Discussion and promising development
As we stressed throughout the presentation the speech coding for the Internet is in the transitional period right now. There are working methods for transmitting real time speech over a packet-oriented network. On the other hand these methods were directly adopted from the circuit switched networks. To authors knowledge there are no methods developed especially for the Internet environment.
The Internet poses some problems then it comes to the transmission speech (delay, errors etc.). However it allows us drop some fundamental restrictions which were considered in the development of the speech coders for the circuit switched networks. In this section we will try to highlight the advantages which gives the Internet.
Firstly, the fixed bitrate. It does make more sense to speak about the average bitrate in the Internet environment. The absence of the fixed bitrate restriction allows us in principle to develop a speech coding methods which distribute the bit budget in an adaptive fashion. Experiments and our knowledge about the speech perception and source coding clearly show that the amount of bits one has to spend on coding of a speech segment depends on the speech segment itself. Therefore we are talking about the constant quality speech coding as the opposite to the constant bitrate. The quality (average) versus rate for the pre-Internet era and rate (average) versus quality for the Internet era are shown in Figure 1.
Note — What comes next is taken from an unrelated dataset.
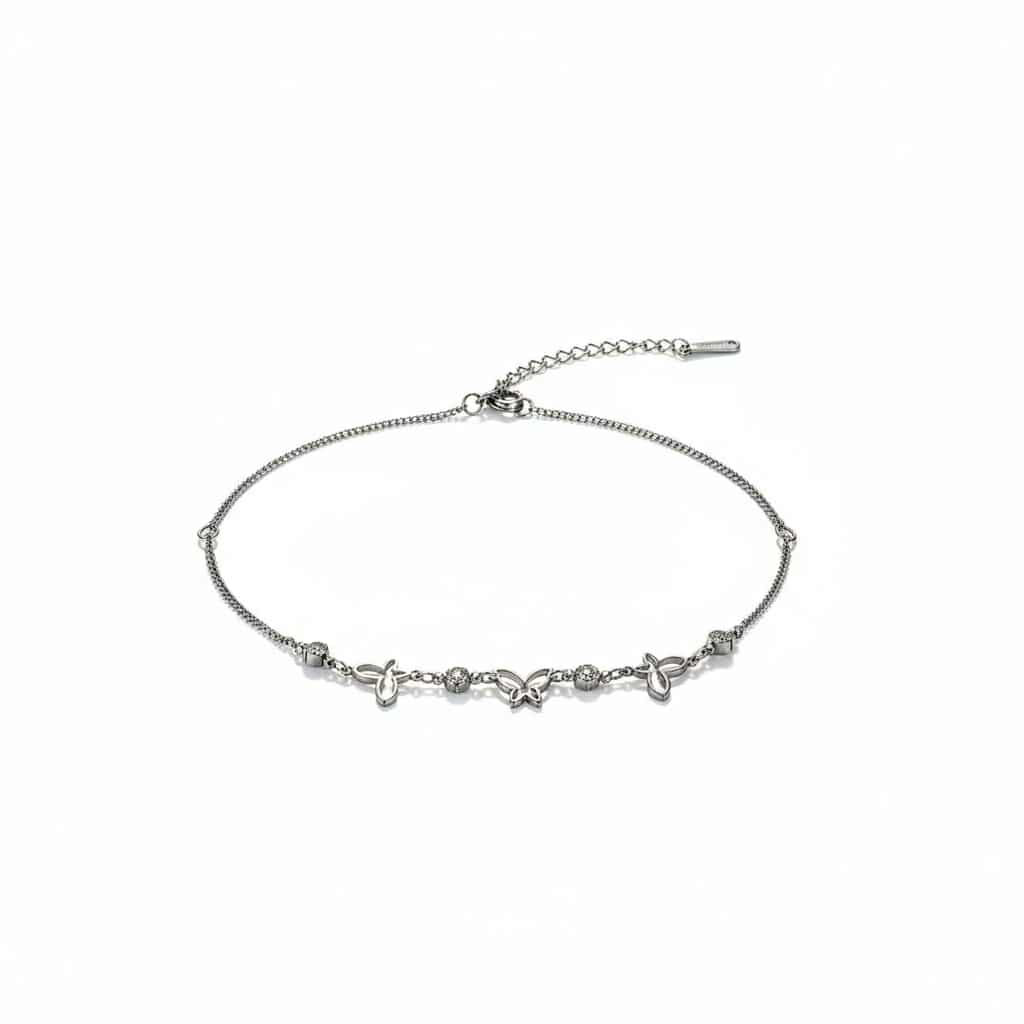 Γυναικείο βραχιόλι ποδιού εντυπωσιάζει με το μοναδικό του σχέδιο ,κατασκευασμένο από ατσάλι. Έχει κομψό και λεπτό design που προσδίδει μία ρομαντική και θηλυκή αίσθηση σε κάθε σας εμφάνιση.

Figure 1. Towards constant quality
speech coding in the Internet era.
Considering our still limited knowledge of the speech perception, development of the constant quality speech coder might take some time though. Nonetheless, the Internet gives us such a possibility and we believe this is the way to go. Naturally, one does not care about the bitrate one just wants to use the phone (IP phone) for a conversation. However for the currently used coding philosophies the quality of the coding sometimes drops dramatically, which is very annoying for the user.
The most promising schemes from the constant quality point of view right now are the pitch synchronous. Several schemes have been proposed with sinusoidal and waveform interpolation having the most success.
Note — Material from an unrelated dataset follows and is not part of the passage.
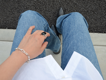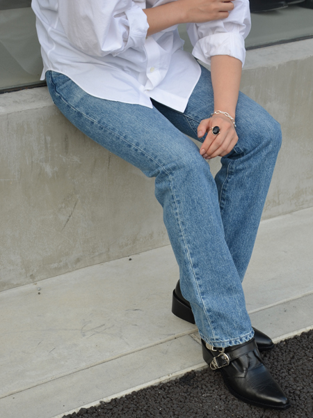 デニムパンツに白シャツという爽やかコーデに合わせる大人カジュアル。

The pitch synchronous analysis of the speech signal has two main advantages over time synchronous (most modern coding standards). Firstly, analysis approximates the analysis made by the human ear, which gives perceptually most relevant set of the parameters as the result of the speech signal decomposition. This allows us to perform very efficient quantization. Secondly, these types of coders naturally exhibit extremely high robustness against the channel errors. In few words this is the result of the pitch synchronous analysis and reconstruction, which means that in the case of the packet loss we loose an integer number of periods. The lost periods can be reconstructed very accurately from the perceptual point of view by means of simple interpolation between the received ones. Moreover, the same interpolation principle allows us to maintain the smooth pitch evolution, which proved to be very important.
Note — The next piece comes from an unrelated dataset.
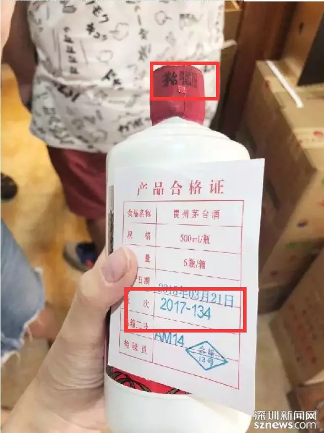 執(zhí)法人員支招,從以下方法入手:一般每箱茅臺都有對應的產(chǎn)品合格證,合格證上有相關(guān)批次數(shù)字,如果合格證上的批次數(shù)字與茅臺開口處所寫的批次一樣的話,為真茅臺概率很高。如圖,合格證和茅臺瓶口的數(shù)字皆為2017-134,為真酒,市民可放心飲用。

The personal Internet telephony becomes more and more popular these
days. This means that considering the speed of the modern CPUs of the personal
computers we can essentially drop the complexity restriction. Therefore
we can expect commercial implementations of the coders which were considered
too complex for an implementation on a single DSP chip, wherefore were
not standardized by ITU. Firstly these would be some enhancements to the
already standardized coders. Secondly we expect coders based on sinusoidal
and waveform interpolation models (and others) come to the market.